Despite an 18.9% YoY drop in group PAT, profit to equity holders was down only 11.9% YoY to Rs. 429 million in 9MFY14 due to the limited impact of the agri sector on the profit to equity holders as a result of low effective holding.

Business segments Healthcare
Revenues for the healthcare sector marginally grew to Rs. 4.0 billion in 9MFY14 up 2.7% YoY. This represents 37.0% of total group revenue. The sub segment pharmaceuticals, which is the largest segment within its healthcare business, grew by just 2.5% YoY, mainly due low growth in the overall healthcare sector in Sri Lanka of 0.1% for 12 months ending Sept 2013 as reported by IMS. The retail segment, Healthguard Pharmacy grew 7.8% YoY. 
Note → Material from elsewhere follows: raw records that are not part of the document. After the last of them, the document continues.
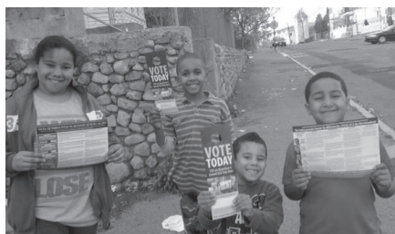
MCAN engages younger generations in the importance of community organizing and voting. These four children of leaders in Brockton helped canvass for the 2014 Earned Sick Time Ballot Initiative in Massachusetts.

MCAN began in 1985 through conversations among religious leaders about social justice and neighborhood issues. Founding Director
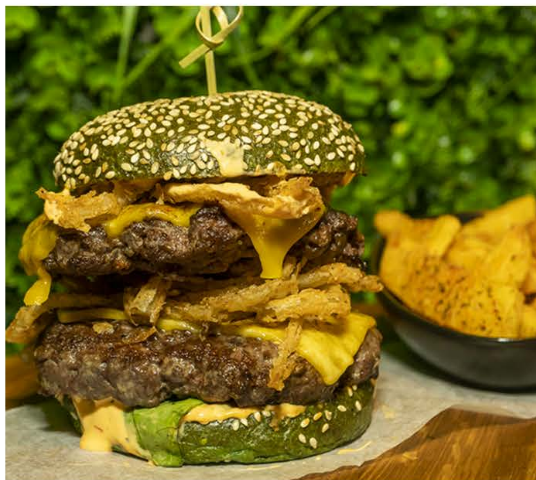
Mega high CBD original double cheese R185 2x180g burger with hand cut chips & onion rings
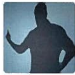
Basement (Parental Influences)
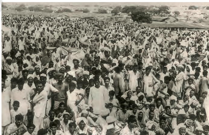
Fig. 22 – Refugees from riot-torn Punjab gather in New Delhi, in search of shelter and food

Also known as Badshah Khan, he was the founder of the Khudai Khidmatgars, a powerful non-violent movement among the Pathans of his province. Badshah Khan was strongly opposed to the Partition of India. He criticised his Congress colleagues for agreeing to the 1947 division.
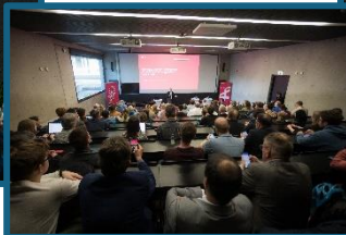
Impact Day, Augsburg University of Applied Sciences
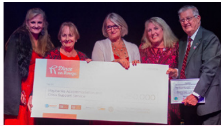
Maybanke Accommodation and Crisis Support Service being presented with a cheque for $250,000 in 2019.
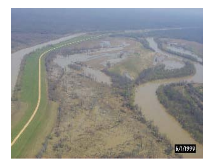
Hydrology being restored to a floodplain that had been converted to agricultural use.

The Partners Program works with private landowners and Federal and State agencies to restore the longleaf pine ecosystem on private and tribal lands. Reforestation costs $145 per acre.
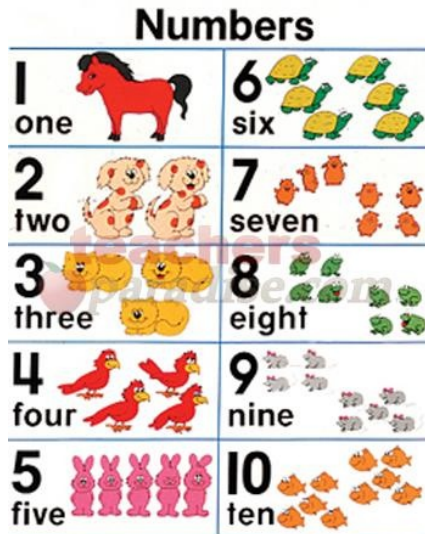
Figure 3 Number chart from a workbook
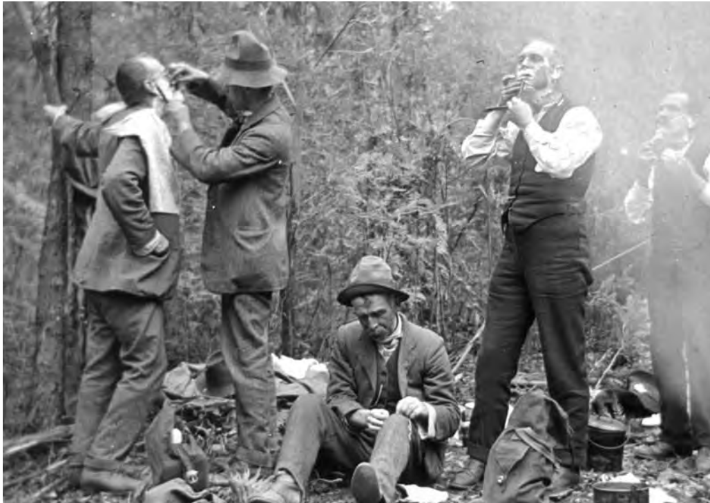
Narbethong, Melbourne Walking Club excursion Crossing the Acheron, Melbourne
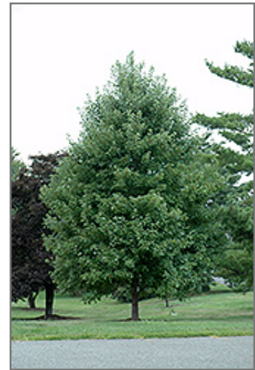
October Glory Red Maple
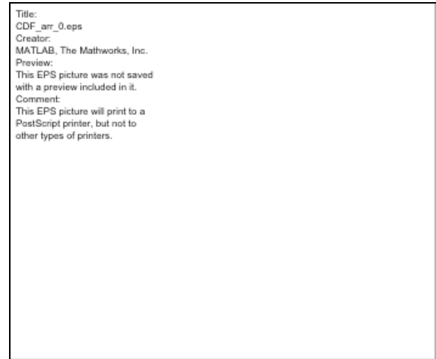
Figure 1: Sample of Visual Output From Web-Based Interface (Calibrated Taxi-Time P.D.F)

from the database; runs the calibration functions; and creates both visual and text-based versions of the results (see Figures 1 through 3). In addition, a taxi-time predictor (described in the “Applications” section) is also provided. Planned upgrades to the web-based interface include automated model validation, improved taxi-time predictors, and an evaluation tool for testing a proposed congestion-control algorithm for departure traffic.
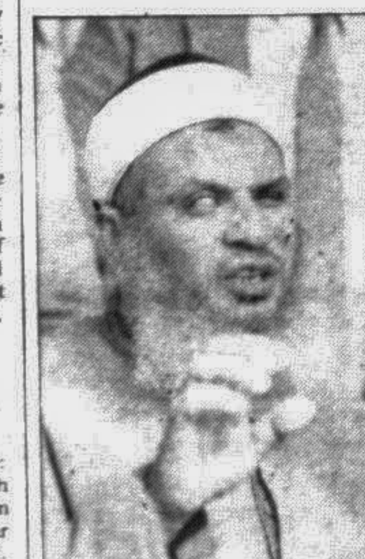
Omar Abdel-Rahman, the blind Egyptian Islamic fundamentalist leader.

NEW YORK, Aug 26: A radical Muslim cleric was the guiding hand behind a terrorist organisation that bombed the World Trade Center, plotted to blow up other New York landmarks and planned a host of other violent acts, prosecutors say, reports AP.

The growth was mainly driven by new outlets in Thalawathugoda and Orion City, with same store sale growth amounting to 3.3% YoY

The segment witnessed a slight contraction in PAT margins to 6.0% in 9MFY14 from 6.5% in the same period last year. This is largely due to the increase in promotional expenses and growth in staff related costs. Majority of the promotional expenses were spent on its own brand wellness product line ‘Surelife’ which, the company believes, is an investment which that will yield benefits to the group in the near future.

9MFY14 Highlights
* Consolidated revenue of Rs. 10.7 b, an increase of 9.4% YoY
* PAT amounted to Rs. 776 m, down 18.9% YoY, mainly due to Agri wage impact and a dip in healthcare margins
* Healthcare growth lull due to stagnant market
* Agri revenue growth resilient at 8.8% YoY, despite bad weather
* FMCG on a bull run with 31.9% YoY growth, as it gains dominance over the local tea market

Agri business
The agri sector, which contributed 41.5% of group revenue, reported revenues of Rs. 4.5 billion in 9MFY14, up 8.8% YoY against Rs. 4.2 billion in 9MFY13. The primary driver of agri growth was the increase in palm oil production, up 9.5% YoY while tea volumes were flat due to rain affected crops in 1QFY14.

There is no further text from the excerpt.